**EXERCISE INSTRUCTIONS:**
Transcribe the listing verbatim, please, with images dropped.

**RECORDED DATA:**
+ + + +

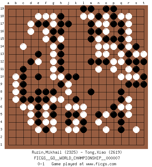 Last move : 0-1 2012 September 6 8:32:35 [Event "FICGS__GO__WORLD_CHAMPIONSHIP__000007"] [Site "FICGS"] [Date "2012.01.02"] [Round "2"] [Black "Ruzin,Mikhail"] [White "Tong,Xiao"] [Result "0-1"] [Rating 1 "2325"] [Rating 2 "2619"] 1.q16 d4 2.q3 d16 3.r9 n4 4.q5 k4 5.f17 c14 6.j17 o17 7.m17 r17 8.q17 r16 9.q15 q18 10.p18 r18 11.p17 r14 12.p13 f16 13.g16 f15 14.e17 d17 15.g15 g14 16.h14 g13 17.h13 g12 18.h12 g11 19.c8 c6 20.c11 b10 21.c10 b9 22.c9 b8 23.c7 b7 24.g8 h15 25.h11 h10 26.j10 j9 27.h9 g10 28.k10 j8 29.g5 f6 30.g6 g7 31.f7 h7 32.e6 f5 33.e5 f4 34.e4 e7 35.f8 e3 36.f3 g4 37.d7 d6 38.e8 d5 39.e7 g3 40.e10 g17 41.h16 g18 42.h17 e18 43.h18 f18 44.e13 e12 45.d12 o3 46.l4 l5 47.k5 l6 48.k7 k6 49.j5 j6 50.j4 k3 51.l3 j3 52.m8 r7 53.q7 q6 54.p6 r6 55.q8 r5 56.q4 s3 57.n5 o5 58.p5 q10 59.r13 s13 60.s14 r10 61.s9 r15 62.s12 q13 63.r12 q12 64.q14 p12 65.s11 o13 66.o12 p14 67.o15 n15 68.n16 o16 69.p15 o18 70.o19 n19 71.p19 n11 72.n12 n13 73.m12 n17 74.m16 o14 75.m19 m18 76.n18 s10 77.t10 n19 78.m15 n14 79.n18 t11 80.t9 n19 81.l19 l18 82.n18 t13 83.t12 n19 84.q11 p11 85.n18 r11 0-1 Here are the names of the openings (joseki) played in the four corners : Corner d16 : d16 f17 Hoshi (Hwajeom, Seongjeom, Xingwei`) 4-4 Point. The star or hoshi (4-4) point, emphasizing influence at the potential expense of territory. Ikken Kakari (Hankan Keolch'im, Yi Gua`jiao~, 1-Space Low Approach). Black 2 is the standard approach move to the 4-4. Corner q16 : q16 o17 Hoshi (Hwajeom, Seongjeom, Xingwei`) 4-4 Point. The star or hoshi (4-4) point, emphasizing influence at the potential expense of territory. Ikken Kakari (Hankan Keolch'im, Yi Gua`jiao~, 1-Space Low Approach). White 2 is the standard approach move to the 4-4. Corner d4 : d4 c8 Hoshi (Hwajeom, Seongjeom, Xingwei`) 4-4 Point. The star or hoshi (4-4) point, emphasizing influence at the potential expense of territory. Player White won this Go (weiqi, baduk) game. Follow this game move after move (download)Use a wall to attack, not to make territory. (Anonymous) Sometimes it pays to stay in bed in Monday, rather than spending the rest of the week debugging Monday's code. (Dan Salomon)
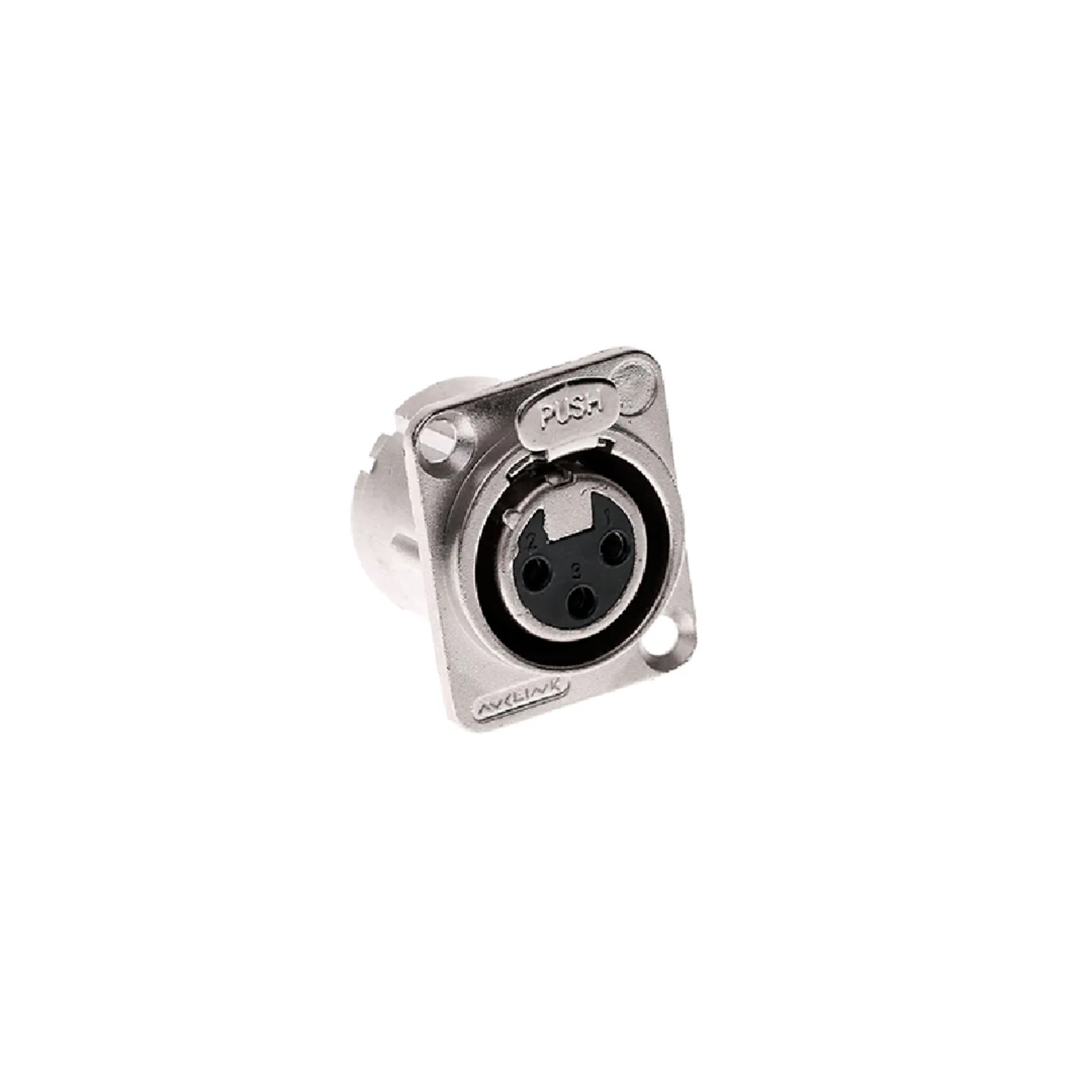 Панельный разъём XLR с 3 контактами и гнездом, тип D. Подходит для подключения аудио- и видеотехники.
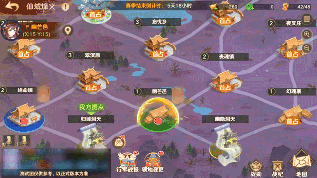 ● 备战阶段:仙域烽火活动开启首日10时将会进入备战阶段,此阶段各门派可选择出生点。
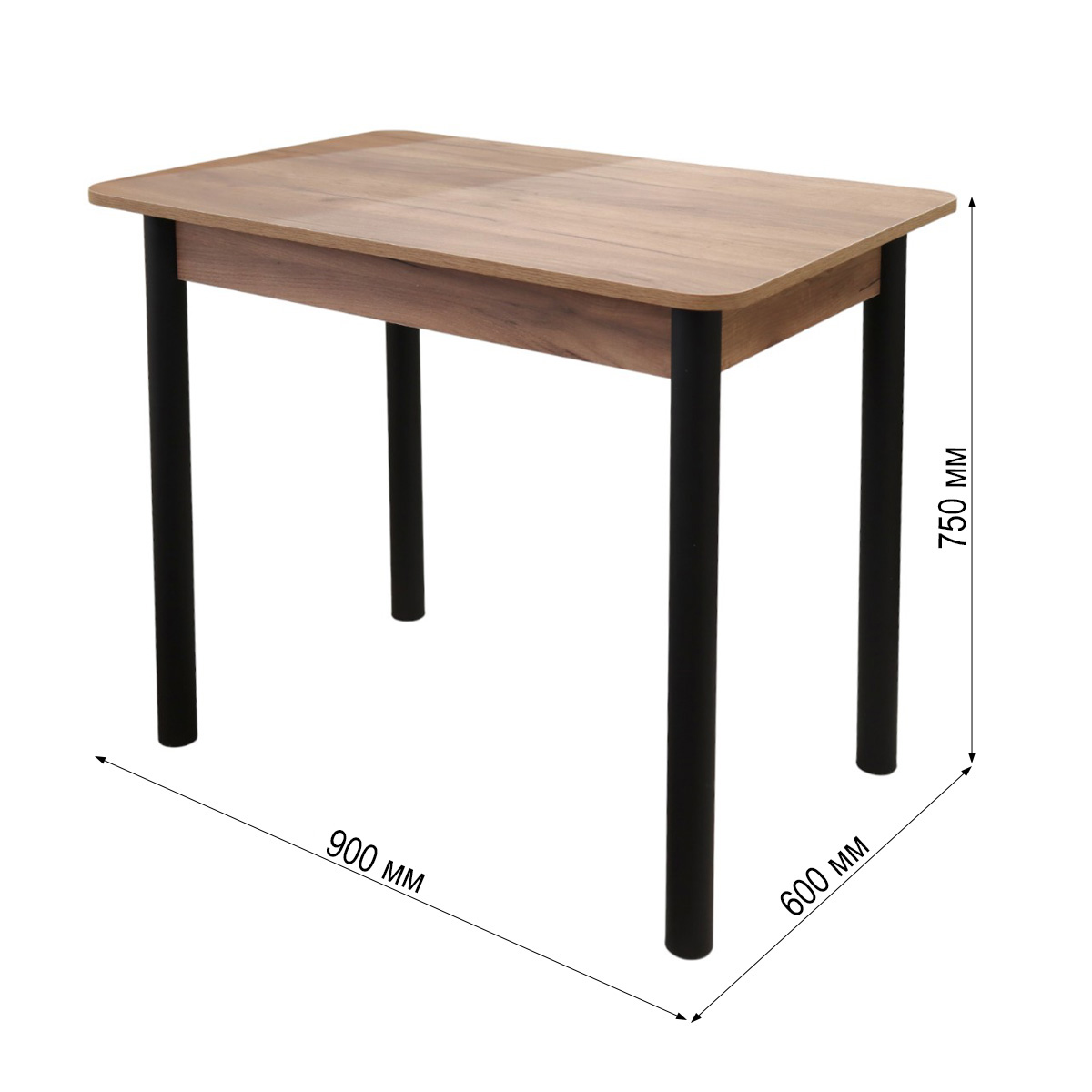 Стол обеденный (900х600х760) Дуб крафт табачный/черный

+ + + +

**EXERCISE RESULT:**
 Last move : 0-1 2012 September 6 8:32:35 [Event "FICGS__GO__WORLD_CHAMPIONSHIP__000007"] [Site "FICGS"] [Date "2012.01.02"] [Round "2"] [Black "Ruzin,Mikhail"] [White "Tong,Xiao"] [Result "0-1"] [Rating 1 "2325"] [Rating 2 "2619"] 1.q16 d4 2.q3 d16 3.r9 n4 4.q5 k4 5.f17 c14 6.j17 o17 7.m17 r17 8.q17 r16 9.q15 q18 10.p18 r18 11.p17 r14 12.p13 f16 13.g16 f15 14.e17 d17 15.g15 g14 16.h14 g13 17.h13 g12 18.h12 g11 19.c8 c6 20.c11 b10 21.c10 b9 22.c9 b8 23.c7 b7 24.g8 h15 25.h11 h10 26.j10 j9 27.h9 g10 28.k10 j8 29.g5 f6 30.g6 g7 31.f7 h7 32.e6 f5 33.e5 f4 34.e4 e7 35.f8 e3 36.f3 g4 37.d7 d6 38.e8 d5 39.e7 g3 40.e10 g17 41.h16 g18 42.h17 e18 43.h18 f18 44.e13 e12 45.d12 o3 46.l4 l5 47.k5 l6 48.k7 k6 49.j5 j6 50.j4 k3 51.l3 j3 52.m8 r7 53.q7 q6 54.p6 r6 55.q8 r5 56.q4 s3 57.n5 o5 58.p5 q10 59.r13 s13 60.s14 r10 61.s9 r15 62.s12 q13 63.r12 q12 64.q14 p12 65.s11 o13 66.o12 p14 67.o15 n15 68.n16 o16 69.p15 o18 70.o19 n19 71.p19 n11 72.n12 n13 73.m12 n17 74.m16 o14 75.m19 m18 76.n18 s10 77.t10 n19 78.m15 n14 79.n18 t11 80.t9 n19 81.l19 l18 82.n18 t13 83.t12 n19 84.q11 p11 85.n18 r11 0-1 Here are the names of the openings (joseki) played in the four corners : Corner d16 : d16 f17 Hoshi (Hwajeom, Seongjeom, Xingwei`) 4-4 Point. The star or hoshi (4-4) point, emphasizing influence at the potential expense of territory. Ikken Kakari (Hankan Keolch'im, Yi Gua`jiao~, 1-Space Low Approach). Black 2 is the standard approach move to the 4-4. Corner q16 : q16 o17 Hoshi (Hwajeom, Seongjeom, Xingwei`) 4-4 Point. The star or hoshi (4-4) point, emphasizing influence at the potential expense of territory. Ikken Kakari (Hankan Keolch'im, Yi Gua`jiao~, 1-Space Low Approach). White 2 is the standard approach move to the 4-4. Corner d4 : d4 c8 Hoshi (Hwajeom, Seongjeom, Xingwei`) 4-4 Point. The star or hoshi (4-4) point, emphasizing influence at the potential expense of territory. Player White won this Go (weiqi, baduk) game. Follow this game move after move (download)Use a wall to attack, not to make territory. (Anonymous) Sometimes it pays to stay in bed in Monday, rather than spending the rest of the week debugging Monday's code. (Dan Salomon)
 Панельный разъём XLR с 3 контактами и гнездом, тип D. Подходит для подключения аудио- и видеотехники.
 ● 备战阶段:仙域烽火活动开启首日10时将会进入备战阶段,此阶段各门派可选择出生点。
 Стол обеденный (900х600х760) Дуб крафт табачный/черный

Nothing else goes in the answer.